- #1
LCSphysicist
- 645
- 161
- TL;DR Summary
- .
can integrate 1/(x*lnx) by parts??
Parts is probably not the best approach. Instead, look for derivatives within the integrand.LCSphysicist said:Summary:: .
can integrate 1/(x*lnx) by parts??
Yeh, i know that there is a easier way to resolve it. But i see that try by part we can't ccame in the right answer, i need to now if i made a error or indeed we can't use integral by parts here, and if we cant, why?PeroK said:Parts is probably not the best approach. Instead, look for derivatives within the integrand.

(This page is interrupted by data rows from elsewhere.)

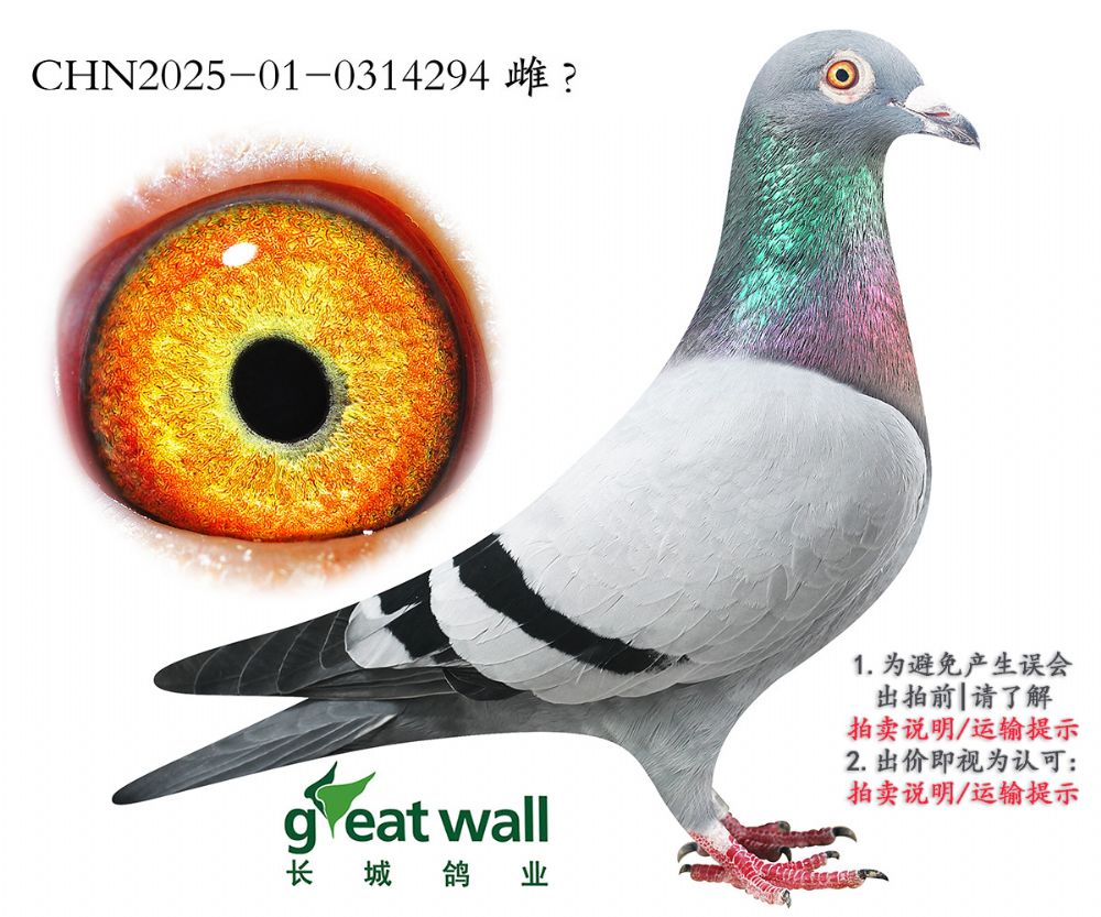 因拍賣鴿均是未做育過的種鴿或幼鴿,圖內(nèi)所標雌雄僅供參考,實際性別已實物為準。
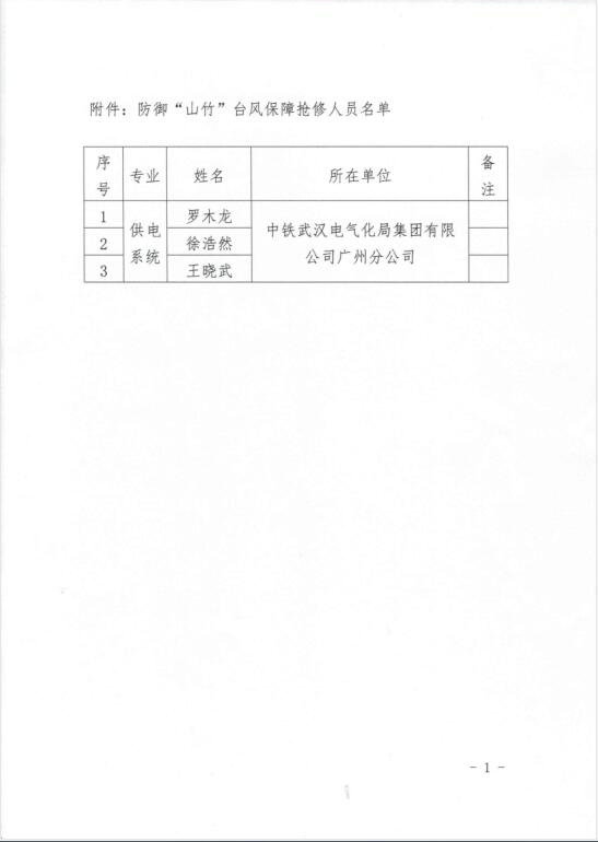表?yè)P(yáng)信指出,臺(tái)風(fēng)發(fā)生后,項(xiàng)目部發(fā)揚(yáng)“一方有難、八方支援”精神,與電車人民心聯(lián)心、肩并肩,共克時(shí)艱、共度難關(guān),為電車公司成功抵御臺(tái)風(fēng)、保障供電設(shè)備系統(tǒng)給予了全力的支持和幫助。體現(xiàn)了廣州分公司較高的企業(yè)管理水平。希望中鐵武漢電氣化局廣州分公司在今后的工作中再接再厲,充分發(fā)揚(yáng)防御臺(tái)風(fēng)工作中煥發(fā)出來(lái)的團(tuán)結(jié)一致、頑強(qiáng)奮戰(zhàn)的精神,充分發(fā)揮團(tuán)隊(duì)先鋒模范作用,實(shí)現(xiàn)完美履約。并對(duì)防臺(tái)風(fēng)工作中積極參與,配合高效及表現(xiàn)突出的羅木龍、徐浩然及王曉武三名同志給予表?yè)P(yáng)。
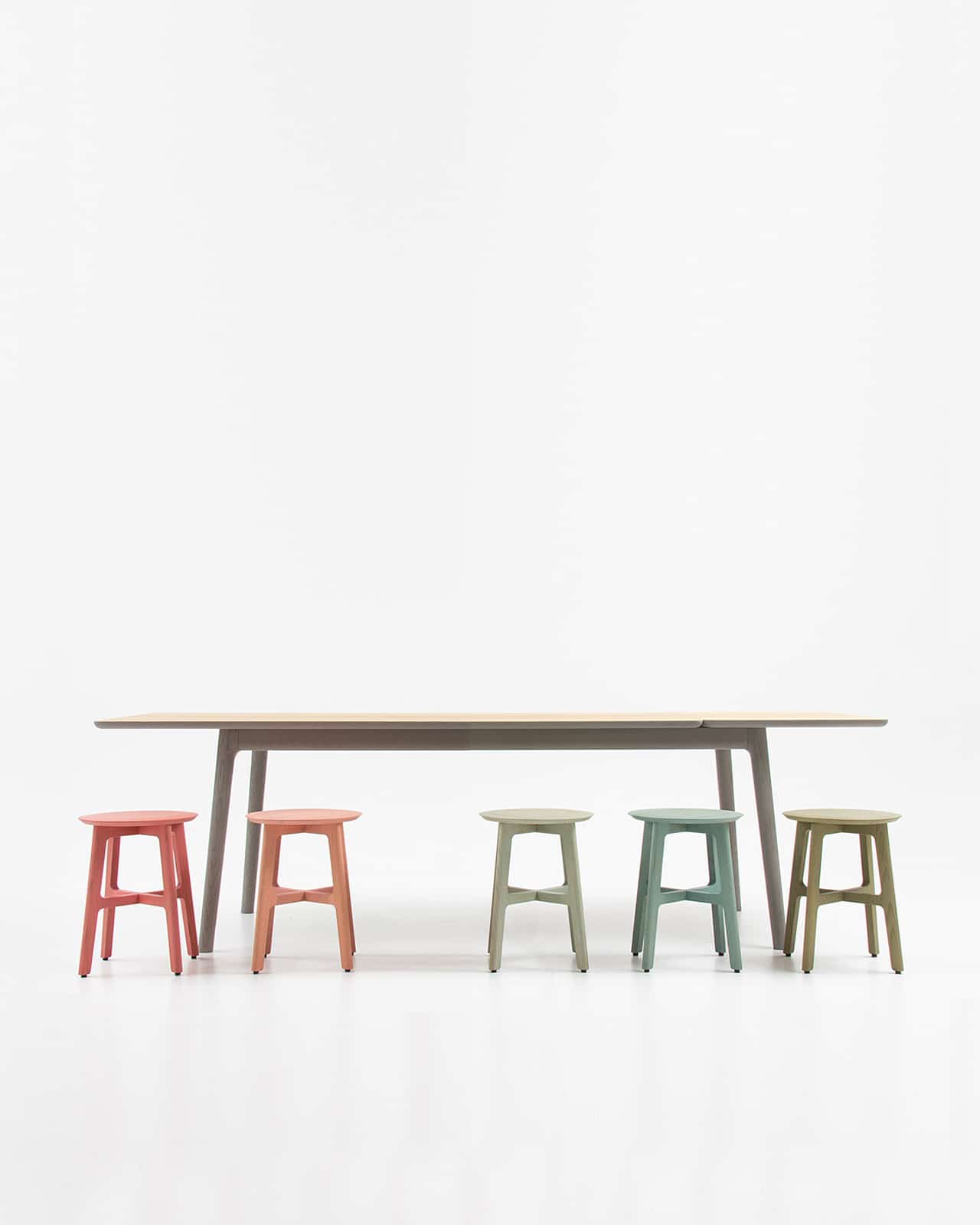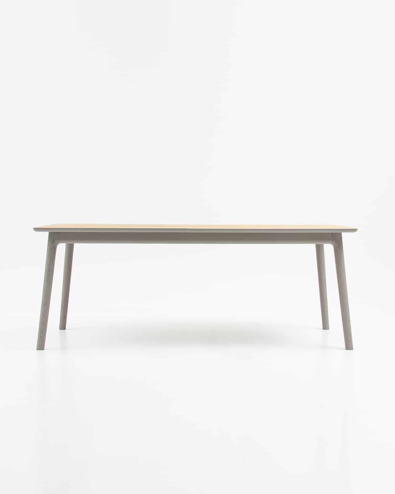E8 LONGUE – Modell für den Entwurf stand ein alter, zusammengebastelter Tisch aus den 40er Jahren. Dieser diente dem Designer Mathias Hahn in seinem Londoner Studio lange als Arbeitstisch. Durch die Länge des Tisches war es gleichzeitig möglich an einem Ende zu arbeiten und am anderen Ende zu speisen. Hahn übersetze dieses Vorbild in eine reduzierte, moderne Formensprache. Der Tisch ist die Symbiose aus edel, verspieltem Designobjekt und täglich genutztem Gebrauchsgegenstand mit vielfältigen Nutzungsmöglichkeiten. Hier in der Variante als ausziehbarer Tisch.

You'll need to post your attempt. No one can help if we can't see what you've done.LCSphysicist said:Yeh, i know that there is a easier way to resolve it. But i see that try by part we can't ccame in the right answer, i need to now if i made a error or indeed we can't use integral by parts here, and if we cant, why?
Integration by parts is a method used in calculus to find the integral of a product of two functions. It is based on the product rule of differentiation and involves splitting the integrand into two parts and integrating one part while differentiating the other.
To integrate 1/(x*lnx) using integration by parts, you can choose u = 1/lnx and dv = 1/x. Then, using the formula for integration by parts, you can integrate u and differentiate dv to obtain the final integral.
Integration by parts is a useful tool in calculus as it allows us to integrate products of functions that cannot be integrated using other methods. It can also be used to simplify complicated integrals and solve differential equations.
Integration by parts is not always applicable and may not work for all integrals. It also requires careful selection of u and dv, which can sometimes be a difficult task. Additionally, it may require multiple iterations to obtain the final integral.
Practicing and familiarizing yourself with different types of integrals and their solutions using integration by parts can help improve your skills. You can also seek help from a tutor or use online resources to understand the concept and its applications better.